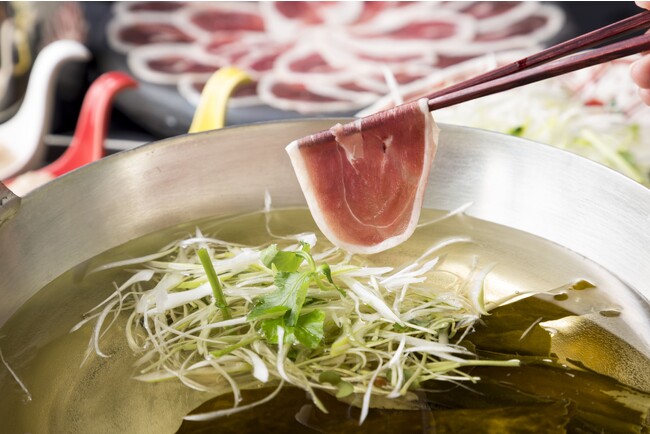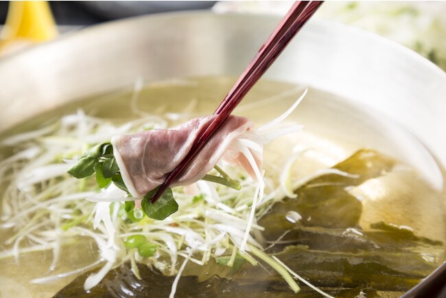 ”7秒間”しゃぶしゃぶすることにより、鴨肉の旨味を最大限に引き出しながらも、 柔らかな食感と歯切れの良さを感じることが出来ます。
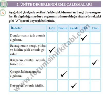 3 sınıf fen bilimleri ders kitabı bize yer alan 2 ünite değerlendirme sorularını yaparken duyu organlarımız hakkında detaylı bilgi ve cevapları bu soruları cevaplayarak tekrar edilmiş olduk ve derslerimizi tekrarlayarak bilgilerimizi tekrar canlandırarak birçok konu hakkında bilgi sahibi olduğumuz duyu organlarımız ve temizliği hakkındaki bilgileri buraya bakarak cevapladım. Ünite değerlendirme sorularını yaparken Forum sınıf kitabı sitesinde cevaplarından faydalanabilir bilgi ve cevapları buraya bakarak yaptığınıza doğru bilgilerden faydalandığınızdan emin olabilirsiniz.
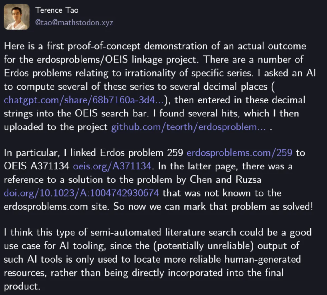 他借助GPT-5對相關數列進行高精度計算,隨后將得到的結果輸入OEIS(一個收錄全球數列的數據庫)進行檢索對照,進而發現部分Erd?s問題其實早已在既有研究中被解決——只是長期沒人注意到,未把結果與問題庫對應起來。
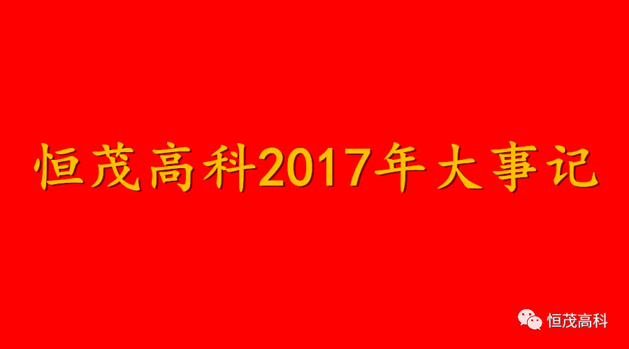 2017年很长,足足有384个日夜;2017年很短,过去的日子仿佛就在昨天;2017年很忙,沉甸甸的收获对得住我们一年的忙碌和辛勤。 这一年,恒茂高科巧创新,精制造,科技创赢,品质攻坚...
• • •
▶ [TASK REQUIREMENTS]
Copy exactly, please, the lines that run from the line holding "3 sınıf fen" through the closing line of the material above, omitting every picture.

▶ [ANSWER TO THIS TASK]
 3 sınıf fen bilimleri ders kitabı bize yer alan 2 ünite değerlendirme sorularını yaparken duyu organlarımız hakkında detaylı bilgi ve cevapları bu soruları cevaplayarak tekrar edilmiş olduk ve derslerimizi tekrarlayarak bilgilerimizi tekrar canlandırarak birçok konu hakkında bilgi sahibi olduğumuz duyu organlarımız ve temizliği hakkındaki bilgileri buraya bakarak cevapladım. Ünite değerlendirme sorularını yaparken Forum sınıf kitabı sitesinde cevaplarından faydalanabilir bilgi ve cevapları buraya bakarak yaptığınıza doğru bilgilerden faydalandığınızdan emin olabilirsiniz.
 他借助GPT-5對相關數列進行高精度計算,隨后將得到的結果輸入OEIS(一個收錄全球數列的數據庫)進行檢索對照,進而發現部分Erd?s問題其實早已在既有研究中被解決——只是長期沒人注意到,未把結果與問題庫對應起來。
 2017年很长,足足有384个日夜;2017年很短,过去的日子仿佛就在昨天;2017年很忙,沉甸甸的收获对得住我们一年的忙碌和辛勤。 这一年,恒茂高科巧创新,精制造,科技创赢,品质攻坚...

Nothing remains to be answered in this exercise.